Under the current geographic positioning of professional baseball, the struggle to win the heart, mind, and dollars of the Florida baseball fan comes down to a battle of marketing departments and budgets. The Rays marketing team must compete with local minor league entities as they would Busch Gardens, the Tampa Aquarium, or any other competing entertainment venues, even if minor league entities are selling essentially the same product. The Rays have some avenues of attack, such as limiting Minor League promotion of Major League entities, such as in 2009 when the Rays stopped the Clearwater Threshers from handing out bobbleheads of Major League Phillies. But other than that, the Rays cannot prevent minor league teams from doing any Minor League promotion or Major League teams from sending their stars, such as the Yankees’ Derek Jeter or Toronto’s Jose Reyes, to the Tampa Bay area for rehab, and indirectly siphoning fans from Tropicana Field.
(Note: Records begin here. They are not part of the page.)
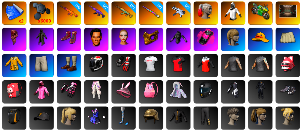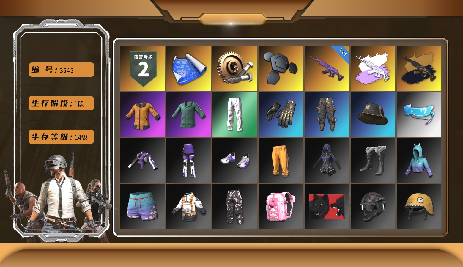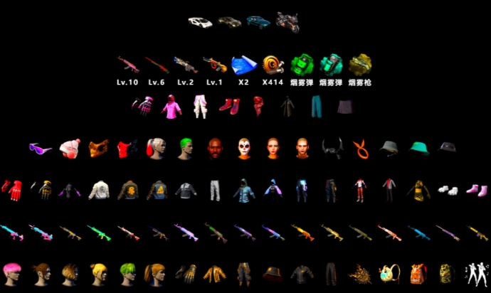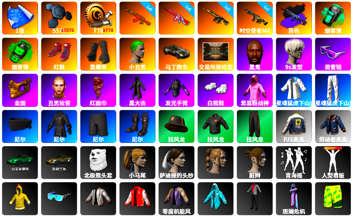 1张图纸 5576聚合物 蜗牛币 6级圣诞AK 5级无信号M4 2级猪八戒M4 1级时空使者M4 无信号M4(异色) 青色烟雾弹 翡翠色烟雾弹 柏林鞋 黑绷带 小丑男 马丁跑车 交易所接待室 黑鬼 9s发型 滑雪镜 金面 丑男妆容 红面巾 黑大衣 发光手臂 白熊鞋 粉战神 尼尔 拉风龙 车漆 小马尾 脏辫 青海摇 小兔学院 悲喜
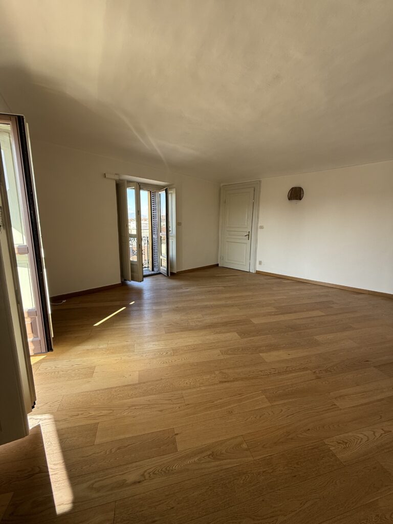San Salvario, davanti alla fermata della metro Marconi, bellissima casa d’epoca in stile francese, quinto ed ultimo piano, ascensore, vista strepitosa verso le montagne e via Nizza (esposizione sud- ovest), appartamento molto particolare, di ampia metratura. La proprietà, in ottimo stato interno e con stupendi dettagli d’epoca: ingresso con balcone sul cortile interno, ampio e luminoso salone panoramico, cucina abitabile, due camere, doppi servizi (di cui uno a servizio della camera). Ripostigli, armadi a muro, pavimenti in legno. Stabile signorile ben abitato, riscaldamento centralizzato.
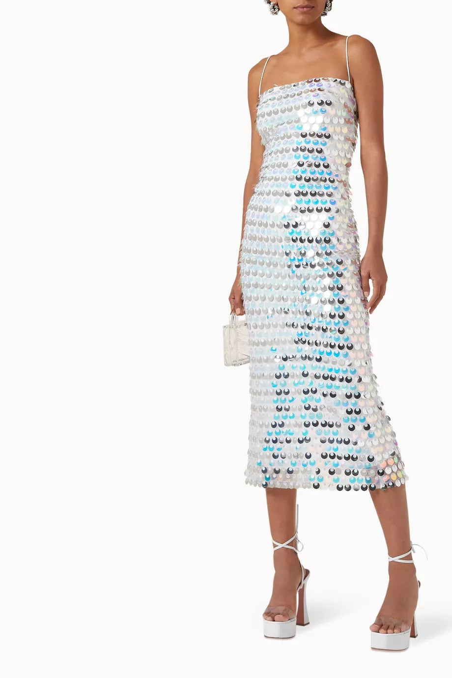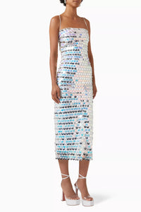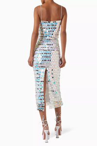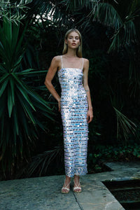 Introducing the Phoenix in Hawaiian Gardenia - a striking summer dress fit for any glamorous occasion. Made with glittering sequin fibers, this dress features a sleek, slit design and a silver bandage for a sophisticated touch. Elevate your evening look with this elegantly styled dress.
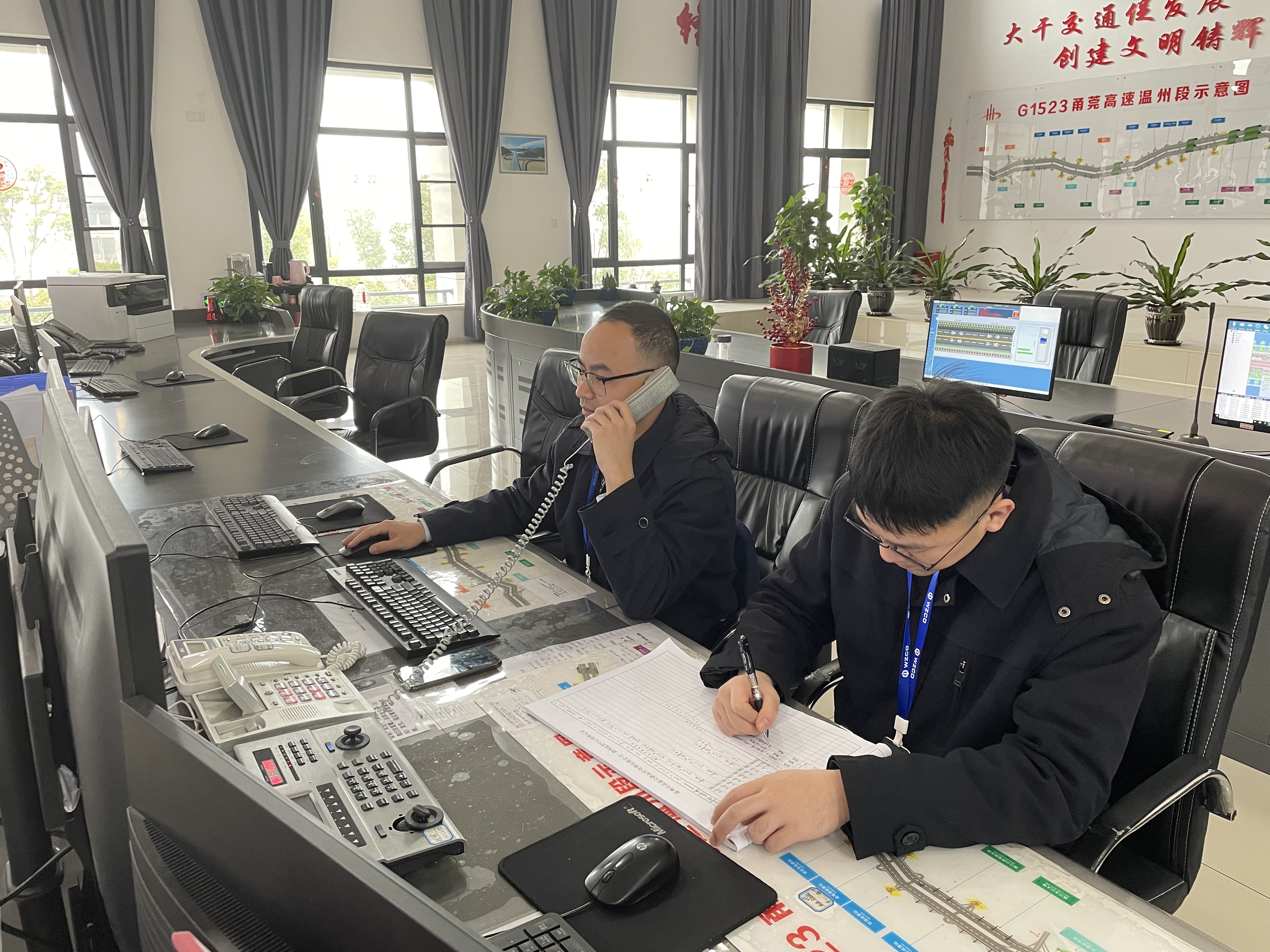 “您好,师傅,请问您的车是否因故障停留在绕城K3+500处,我们有什么可以帮您的?”“您好,请问您的车停在哪个位置,好的,我们看到您的车了,请您在车后方150米处放置三角锥,人员请勿坐在车内,撤离到安全位置,等待救援。”……监控大厅内电话铃声此起彼伏,当人们合家团聚之时,身为路网监控员的他们,还在灯火通明的监控中心里,合着眼花缭乱的监控画面忙的不可开交。请相信,每一通电话,每一条信息,都是监控员们对您的“守护”。
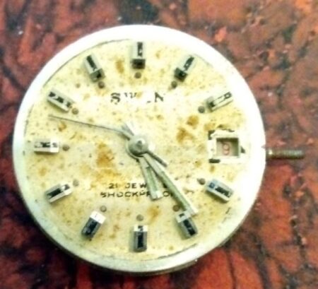 Cette montre est probablement d’origine hong-kongaise.Marque: SwanMécanisme: Zaria 2009BPour les montres soviéto-hong-kongaises: voir ici

While the Rays stand defenseless, Minor League Baseball has become big business in the Tampa Bay area. The Threshers, with their $1 dollar nights and Thirsty Thursdays are regularly among the top draws in the Florida State League. Meanwhile, the Bradenton Marauders recently added 10 million dollars in upgrades to historic McKechnie Field to include a tiki bar, an upgraded scoreboard, and more concession stands. Putting the cost of the upgrade into perspective, the Rays put $35 million into Tropicana Field after the 2006 season for a stadium five times bigger.
In a perfect world, Major League teams would conduct spring training on the west coast of Florida and once the big league teams travel north, their minor league affiliates would travel east, playing their games up and down Florida’s east coast, keeping their all-star game far out of the Rays’ market, and focusing the Florida State League from Daytona in the north, Orlando in the west, and Fort Lauderdale in the south. Re-locating the league along the coast could also return baseball to cities such as Vero Beach and Cocoa. If such a plan were enacted, it would of course mean moving established FSL franchises from historic cities such as Clearwater, Lakeland, and Tampa, but could reinvigorate baseball in Orlando, the nation’s 20th largest metro area and the largest without even a minor league team.
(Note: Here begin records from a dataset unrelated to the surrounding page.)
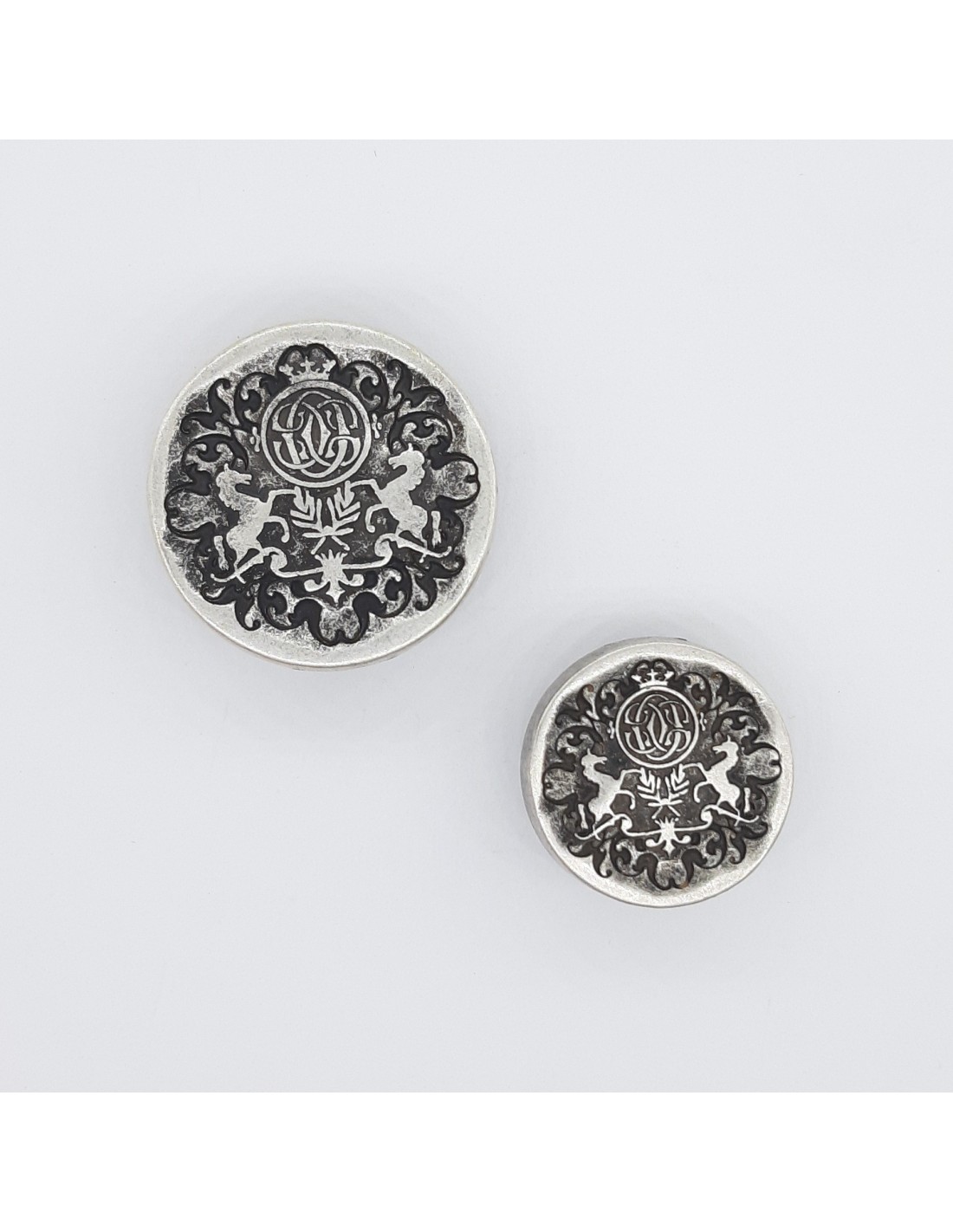 Botones metálicos con diseño de escudo y caballos. Botón metálico plata vieja especial para chaquetas de diseño, jinete, amazona, caballista... Se recomienda coser los botones metálicos con hilo de torzal para una mejor sujeción.
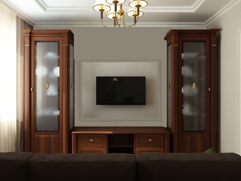 Интерьерное решение гостинойГостиная сложной формы, требований к оформлению было очень много, это должны была быть классика, без кричащих цветов, без мебели на заказ и без много чего еще))) Обязательно с рабочей зоной и прямым диваном.
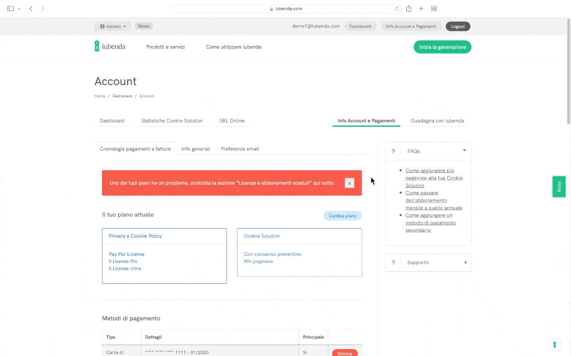 - Poi clicca sul tasto “Info Account e Pagamento” nel menù a tendina in alto a destra per accedere alla pagina del tuo account iubenda.

As towns such as Viera and Kissimmee prepare for the exodus of their spring teams either west or south, moving Florida State teams to Central Florida and the state’s east coast could add back some of the missing income while giving the Rays sole ownership of Florida’s west coast and along the I-4 corridor to Orlando. Limiting the southern locations to Fort Lauderdale/West Palm and Fort Myers on the West Coast would also not infringe on the Marlins Miami market any more than the Florida State League already does. And it fits the governor's new initiative to keep teams in Florida and not see them bolt to Arizona for Spring Training.
There is no doubt shifting the Florida State League out of the Rays market would be voted down by not only Major League ownership but Minor League ownership as well. And the Rays have enough problems with the politics of St. Petersburg and Tampa to risk the ire of several other cities along the west coast. But if it means adding butts to seats at the Major League level, isn’t moving the Florida State League out of the Rays’ market a good thing for baseball?
DRaysBay writer Scott Grauer assisted with the distance data in this article.